At the dawn of a new century, family farming was decimated by corporate agribusiness' vertically integrated powers that surpassed their earlier 1920s heyday dominance. The industry was now the second most profitable national one after pharmaceuticals with domestic annual sales exceeding $400 billion. The next aim was merging Big Pharma with Big food producing giants, and the Pentagon's National Defense University took note in a 2003-issued paper - "Agribusiness (now) is to the United States what oil is to the Middle East." It's now considered a "strategic weapon in the arsenal of the world's only superpower," but at a huge cost to consumers everywhere.

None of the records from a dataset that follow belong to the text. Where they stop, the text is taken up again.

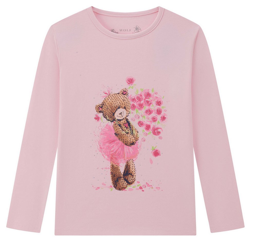 Krásné dívčí triko s dlouhým rukávem a potiskem medvídka.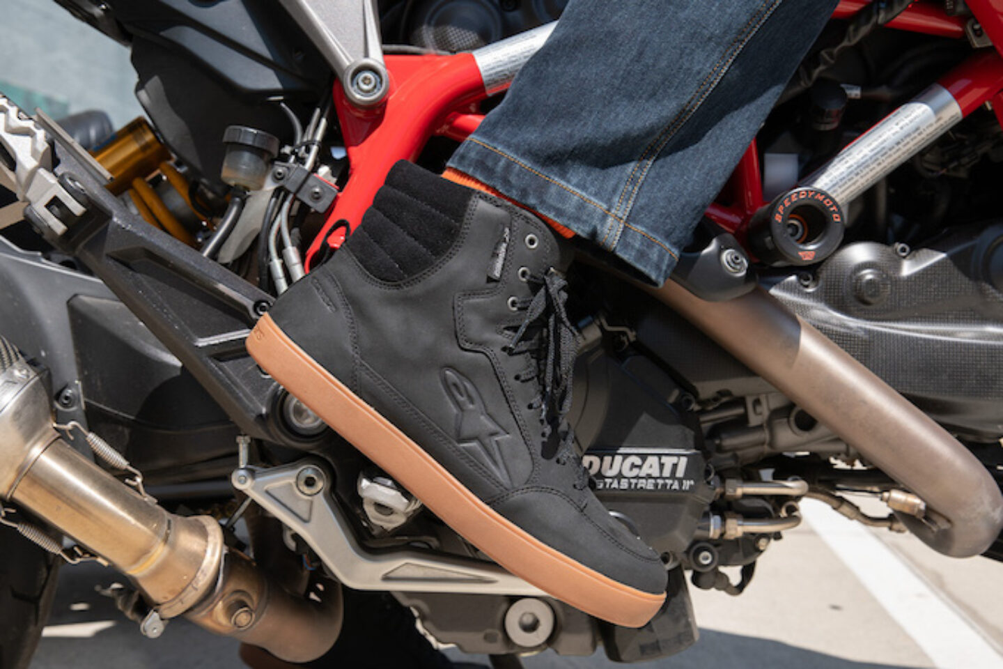 Вот здесь уже появляется понятие «защита». Жесткая пятка, укрепленная щиколотка. Целая куча механизмов застёжки и фиксации на ноге! Более жёсткая подошва, которая будет держать вес мотика при падении в статике. Это — рабочий инструмент. Для поездки на работу, для встречи с друзьями, для неспешной покатушки. Они дают вам иллюзию обычной обуви и базовую безопасность. Главный их враг — энергия бокового удара, подворот голеностопа. Представь: падаешь, нога подворачивается, и весь вес мотоцикла (а это 180+ кг) приходится на точку чуть выше этого милого жесткого ботинка.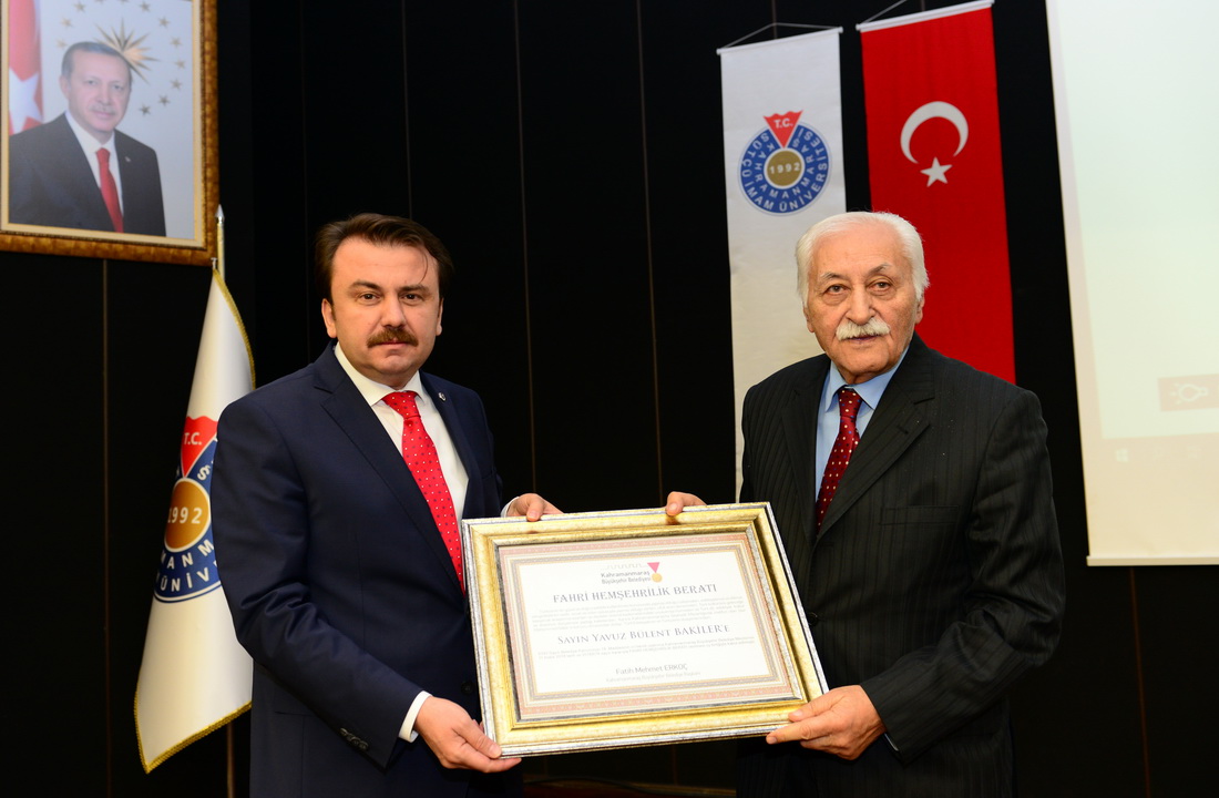 Kahramanmaraş Sütçü İmam Üniversitesi (KSÜ) Rektörlüğü ve KSÜ Dil ve Edebiyat Öğrenci Topluluğu tarafından İstiklal Şairi Mehmet Akif Ersoy’un vefatının 82. yılı münasebetiyle “Dava Adamı Mehmet Akif Ersoy” konulu konferans düzenlendi. Program kapsamında konferansa konuşmacı olarak katılan Şair-Yazar Yavuz Bülent Bakiler’e Kahramanmaraş Büyükşehir Belediye Meclisi tarafından tertip edilen ‘Fahri Hemşehrilik Beratı’ takdimi gerçekleştirildi.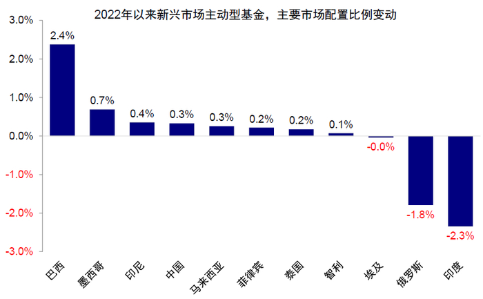 图表19:2022年以来,对中国小幅度增配,但印度相对减配较多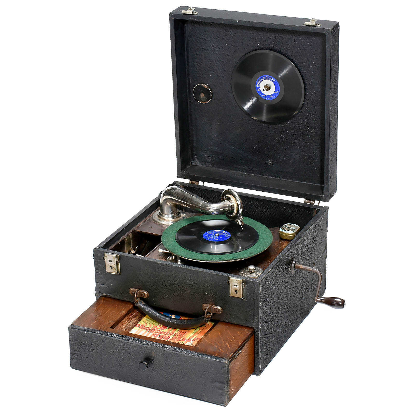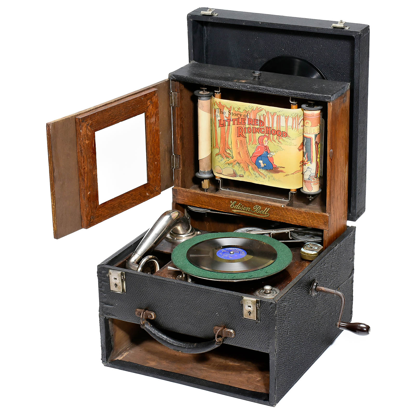 Rare portable panorama gramophone with moving picture spools, made in England by "Edison Bell Ltd., London", spring motor for both functions, removeable oak-framed "screen" stowing as a drawer during transport, Era soundbox and leatherette-covered case, 3 records (no. 1, 2 and 3) and 3 film strips. – Excellent working condition. – Early audio-visual collector's item! – Extremely rare! – Literature: Ch. Proudfoot, "Grammophone und Phonographen", Munich 1981, p. 71.

Engdahl reviewed the "revolution" in animal factory production that EarthSave International founder and Baskin-Robbins heir, John Robbins, covered honestly, thoroughly and compassionately in two explosive books on the subject - "Diet for A New America" in 1987 and "The Food Revolution" in 2001. They were both stinging indictments of corporate-produced foods - horrifying animal cruelty, unsafe foods, unsanitary conditions, rampant use of anti-biotics humans then ingest, massive environmental pollution, and new unknown dangers from genetic engineering - all allowed by supposed government watchdog regulatory agencies that ignore public health concerns.
Agribusiness was on a roll, government supports it with tens of billions in annual subsidies, and the 1996 Farm Bill suspended the Secretary of Agriculture's power to balance supply and demand so henceforth unrestricted production is allowed. Food producing giants took full advantage to control market forces. They crushed family farmers by over-producing and forcing down prices. They also pressured land values as small operators failed. It created opportunities for land acquisition on the cheap for greater concentration and dominance.
Next came integrating the Gene Revolution into agribusiness the way Harvard's Ray Goldberg saw it coming. Entire new sectors were to be created from genetic engineering. It would include GMO drugs from GMO plants in a new "argi-ceutical system." Goldberg predicted a "genetic revolution (through) an industrial convergence of food, health, medicine, fiber and energy businesses" - in a totally unregulated marketplace. Unmentioned was a threatening consumer nightmare hidden from view.